-- Exercise material follows --

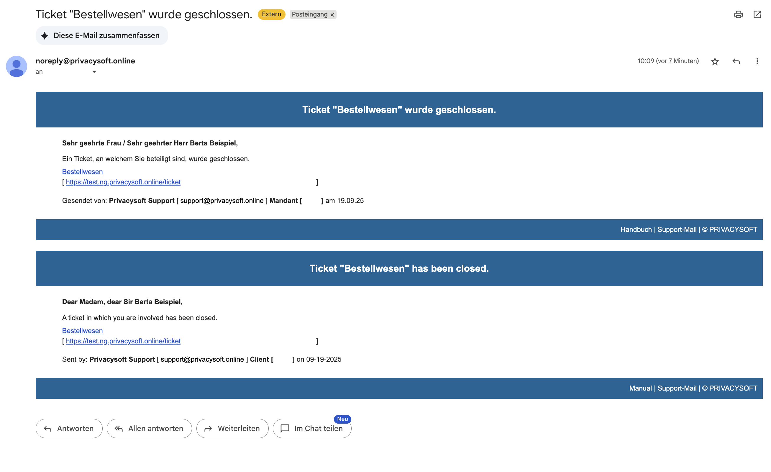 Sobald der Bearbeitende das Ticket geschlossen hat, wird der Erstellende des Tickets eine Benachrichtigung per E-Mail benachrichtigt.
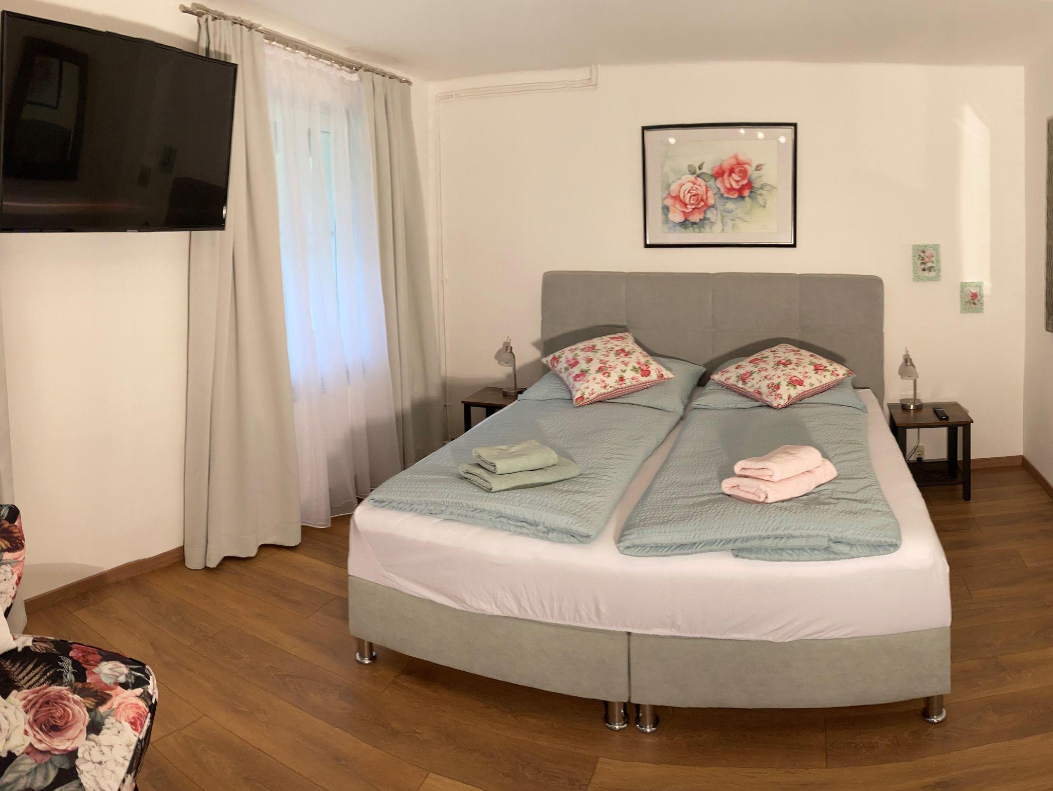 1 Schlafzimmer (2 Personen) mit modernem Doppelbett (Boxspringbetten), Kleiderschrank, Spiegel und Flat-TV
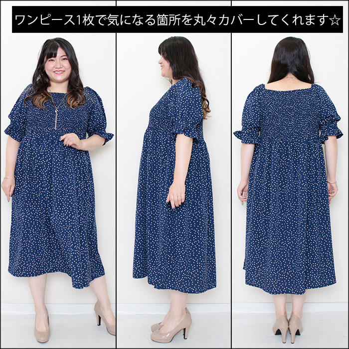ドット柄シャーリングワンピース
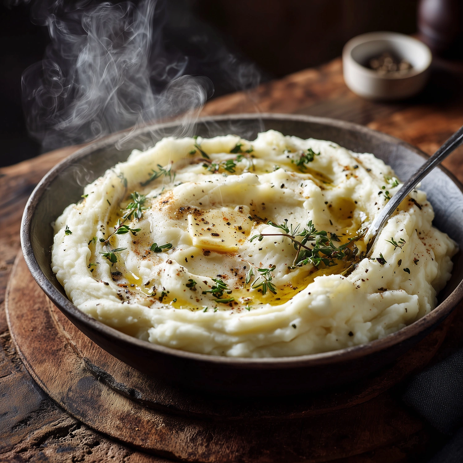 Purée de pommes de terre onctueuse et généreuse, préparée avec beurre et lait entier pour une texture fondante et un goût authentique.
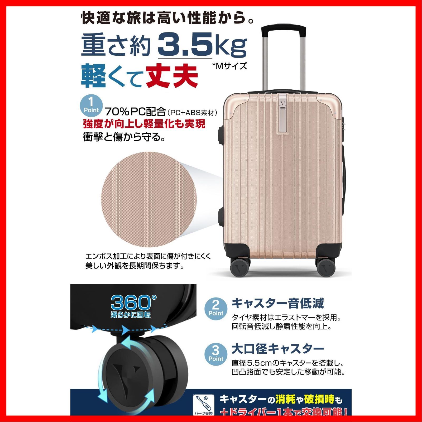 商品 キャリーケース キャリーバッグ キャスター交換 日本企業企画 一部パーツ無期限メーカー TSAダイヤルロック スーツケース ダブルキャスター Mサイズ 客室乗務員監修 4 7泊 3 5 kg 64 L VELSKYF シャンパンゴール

-- Exercise material concluded --
-- Exercise material follows --

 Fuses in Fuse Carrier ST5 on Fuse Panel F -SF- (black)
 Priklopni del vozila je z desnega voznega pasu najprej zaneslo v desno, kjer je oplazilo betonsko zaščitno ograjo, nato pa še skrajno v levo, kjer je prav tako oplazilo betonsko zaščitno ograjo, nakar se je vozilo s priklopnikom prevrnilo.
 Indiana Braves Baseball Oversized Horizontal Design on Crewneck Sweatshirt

-- Exercise material concluded --

**Activity:** Going by the data above, give back only the lines from the one containing "Sobald der Bearbeitende" through the one containing "商品 キャリーケース キャリーバッグ", exactly as they stand, both ends included and no images.

**Solved exercise:**
 Sobald der Bearbeitende das Ticket geschlossen hat, wird der Erstellende des Tickets eine Benachrichtigung per E-Mail benachrichtigt.
 1 Schlafzimmer (2 Personen) mit modernem Doppelbett (Boxspringbetten), Kleiderschrank, Spiegel und Flat-TV
ドット柄シャーリングワンピース
 Purée de pommes de terre onctueuse et généreuse, préparée avec beurre et lait entier pour une texture fondante et un goût authentique.
 商品 キャリーケース キャリーバッグ キャスター交換 日本企業企画 一部パーツ無期限メーカー TSAダイヤルロック スーツケース ダブルキャスター Mサイズ 客室乗務員監修 4 7泊 3 5 kg 64 L VELSKYF シャンパンゴール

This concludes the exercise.